Intellectual Property Laws

Intellectual Property Laws

Our intellectual property law practice encompasses licensing, assignment, royalty negotiation and giving opinions on business models involving diverse intellectual property rights relating to patents, trademarks, copyrights, designs, geographical indications, semiconductor chip layout-designs and trade secrets.


copyright

In the copyright domain, we draft, review and vet licensing agreements and assignment deeds. We specialize in software copyrights and licensing agreements. We have advised clients on complex issues such as open source licensing, protection of source code within the GNU General Public License and thin client computing OS infringement issues.

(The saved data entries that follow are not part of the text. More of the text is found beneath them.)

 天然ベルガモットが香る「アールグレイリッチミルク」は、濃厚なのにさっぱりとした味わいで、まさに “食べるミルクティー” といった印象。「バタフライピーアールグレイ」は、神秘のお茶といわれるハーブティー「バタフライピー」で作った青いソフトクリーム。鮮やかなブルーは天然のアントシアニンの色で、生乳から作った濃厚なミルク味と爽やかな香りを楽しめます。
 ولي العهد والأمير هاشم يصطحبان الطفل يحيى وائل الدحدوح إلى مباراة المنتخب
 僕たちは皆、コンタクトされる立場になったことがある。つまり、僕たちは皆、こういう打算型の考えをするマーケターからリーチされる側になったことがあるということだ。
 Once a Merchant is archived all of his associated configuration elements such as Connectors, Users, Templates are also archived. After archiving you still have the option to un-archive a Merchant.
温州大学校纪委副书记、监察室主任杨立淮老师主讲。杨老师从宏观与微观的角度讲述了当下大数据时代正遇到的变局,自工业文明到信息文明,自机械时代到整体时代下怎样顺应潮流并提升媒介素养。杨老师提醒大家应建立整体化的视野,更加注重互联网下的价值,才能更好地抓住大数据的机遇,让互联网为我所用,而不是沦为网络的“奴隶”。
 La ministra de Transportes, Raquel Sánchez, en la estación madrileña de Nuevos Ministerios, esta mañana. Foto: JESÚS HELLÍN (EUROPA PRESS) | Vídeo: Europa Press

A few intellectual property related issues handled by us:

  1. We advised a software start-up on isolating and creating intellectual property on its source code within the allowed parameters of the GNU general public license.
  2. We advised an online business on the legality of using animated celebrity Avatars in their business.
  3. We advised a mobile content provider on securing rights to music to be distributed as ring tones in mobile phones.
  4. We advised a bulk importer of thin client personal computers on thin client operating system licensing issues.
  5. We advised a software company on distribution licenses for their software programs to be used as firmware and as OEM distributions in other products.

Domain names

Domain names are indispensable tools in business. Legal disputes involving domain names of several big corporate houses including Casio, Tata and Shell, to name a few indicate the commercial importance of domain names. Our name domain name practice involves advising on domain acquisition strategies and representations before ICANN in case of domain name disputes.

We recently defended one of our Bangalore based clients successfully in a WIPO mediated online arbitration for a domain dispute initiated by an internationally recognized U.S. based Institute.

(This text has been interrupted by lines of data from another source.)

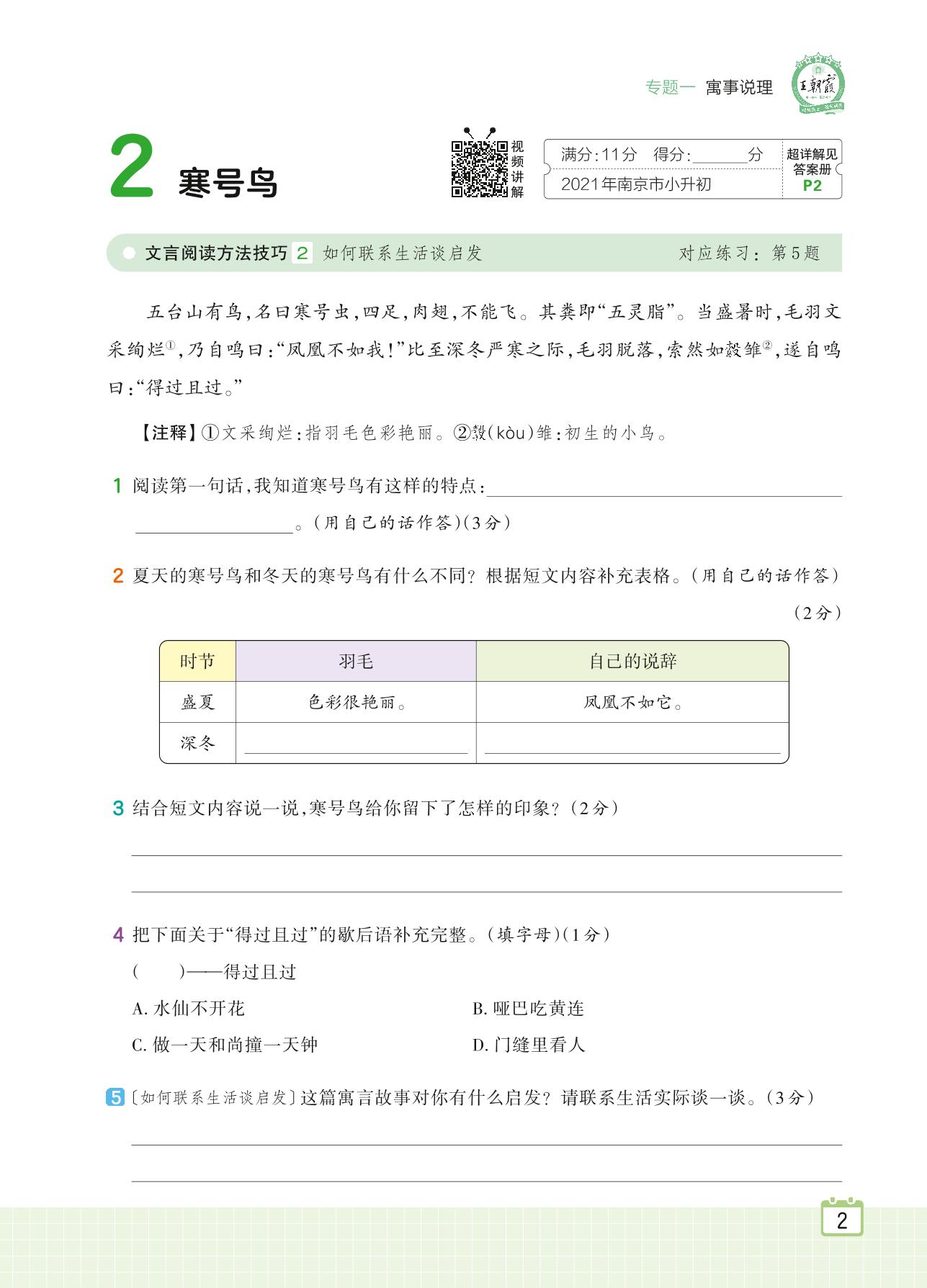 2024全一册六年级语文人教版 专题一 寓事说理 2 寒号鸟
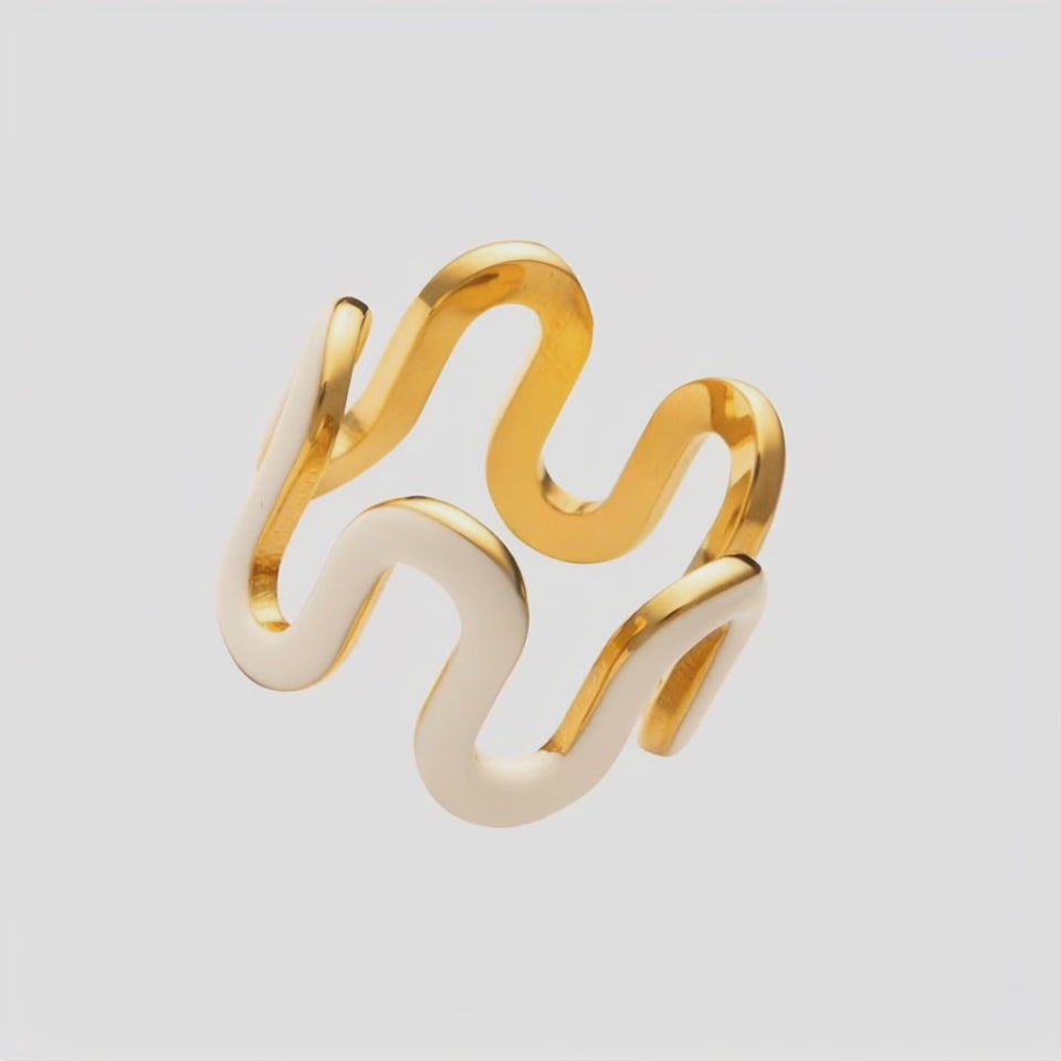 Hauska, geometrinen ja kaunis kullattu valkoisella pinnoitteella oleva sormus. 18k kultaus ja erityinen vedenkestävä pinnoite. Vedenkestävyys takaa, että voit käyttää tätä korua huoletta saunassa, uinnin, liikunnan tai muiden aktiviteettien aikana ilman pelkoa pinnoitteen vaurioitumisesta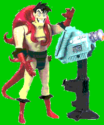 First up is the Creeper, also known as . . . can't say as I know off hand. The back story on this happy young PVC product is that he was attacked by the Joker, lived to laugh about it, and became some kinda mutant crime fighting dude. Good thing because Gotham definately has a shortage of those eh? Anyway, this pic was taken on the set of STAR WARS EPISODE ONE where smiley is working as a Camera gate checker. Just a little Green Screen humor for those of you into SFX.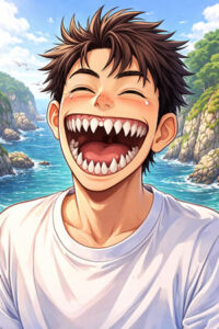 投稿日: hilarious 発音 hiléəriəs ハレリアス https://www.en-tango.com/wp-content/uploads/2019/08/hilarious.mp3 意味 とても面白い イメージ 歯ねリアス海岸みたいでとても面白い 彼の歯ね、ギザギザのリアス海岸みたいでとても面白いというイメージ。 例文 It’s hilarious how his teeth look like a jagged ria coast. 彼の歯がギザギザのリアス海岸みたいでとても面白い。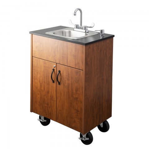 Portable Hand Washing Station, laminate cabinet, black laminate countertop, counter mount liquid soap dispenser, self contained system with (1) stainless steel sink (12"W x 10"L x 5-3/4"H), (1) 5 gallon clean water tank and (1) 6 gallon waste water tanks, water heater and pump , accommodates approximately (45) hand washes, ADA compliant wrist action faucet handles, two doors with keyless lock, (4) 5" swivel wheels (two with brakes), 110v/60/1-ph, 20 amps (dedicated outlet and breaker)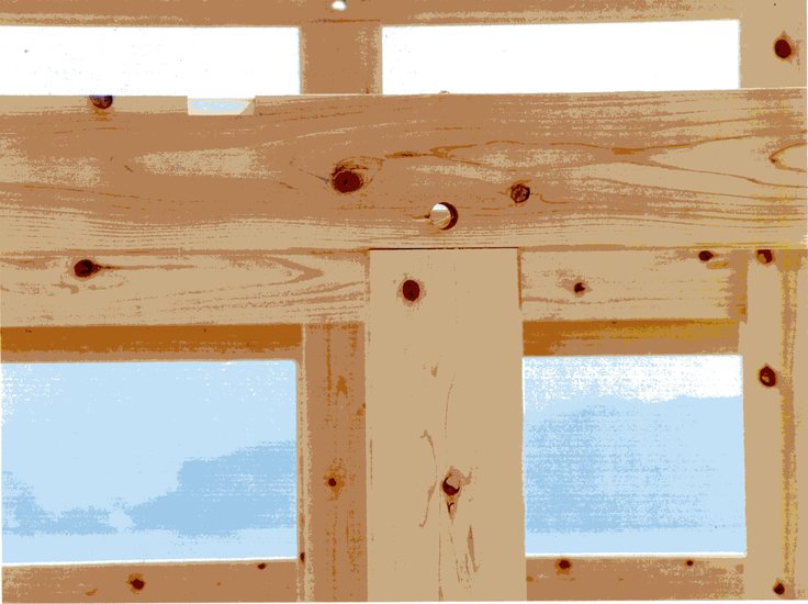 ⑤ 現在の木造軸組工法は、柱脚柱頭の「ほぞ接合部」の固定方法は釘、ネジ、接着で止めた金物部材が多く、材種ごとの分別に難があり、リサイクルが困難です。
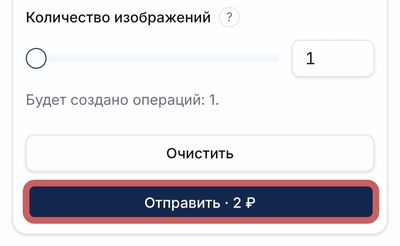 Укажите количество создаваемых изображений с помощью ползунка. Чем больше, тем шире выбор в результатах. На кнопке Отправить уже указана общая стоимость работы. Генерация длится около минуты.

The case was particularly noteworthy because it is not often that all members of a three-member WIPO Arbitration Panel unanimously reject a complainant's claim to a domain despite that domain name incorporating the complainant's service mark.

The U.S. based Complainant, an internationally recognised certifying body for the human resources industry, provides certification to aspirants passing the Complainant's exams. The Complainant registered the service mark in 2004.

Respondent, promoter of an education and training company, is based in India. The Respondent registered the disputed domain name in 2008, using it to host a website offering online preparatory courses for certification exams conducted by the Complainant. Respondent's domain name incorporated, in part, the service mark registered by the Complainant.

Essentially, the Complainant alleged that unlicensed, commercial use of its service mark by Respondent in the domain name amounts to unfair and unjustified exploitation of the service mark.

The Panel, in its decision, agreed with our analysis and declared that the scope of ICANN's Dispute Resolution Policy under which the Complainant had filed the Complaint is not wide. The Policy was designed to deal with a relatively narrow form of dispute between trade mark (and service mark) proprietors and domain name registrants.

Thus, as long as Respondent's use of the domain name is legitimate (which, according to our evidence and contentions, the Panel accepted it was), whether or not the Respondent's use of the Domain Name constitutes trade mark/service mark infringement is outside the scope of the Policy.

It was on the basis of this fine distinction that the Complaint was rejected.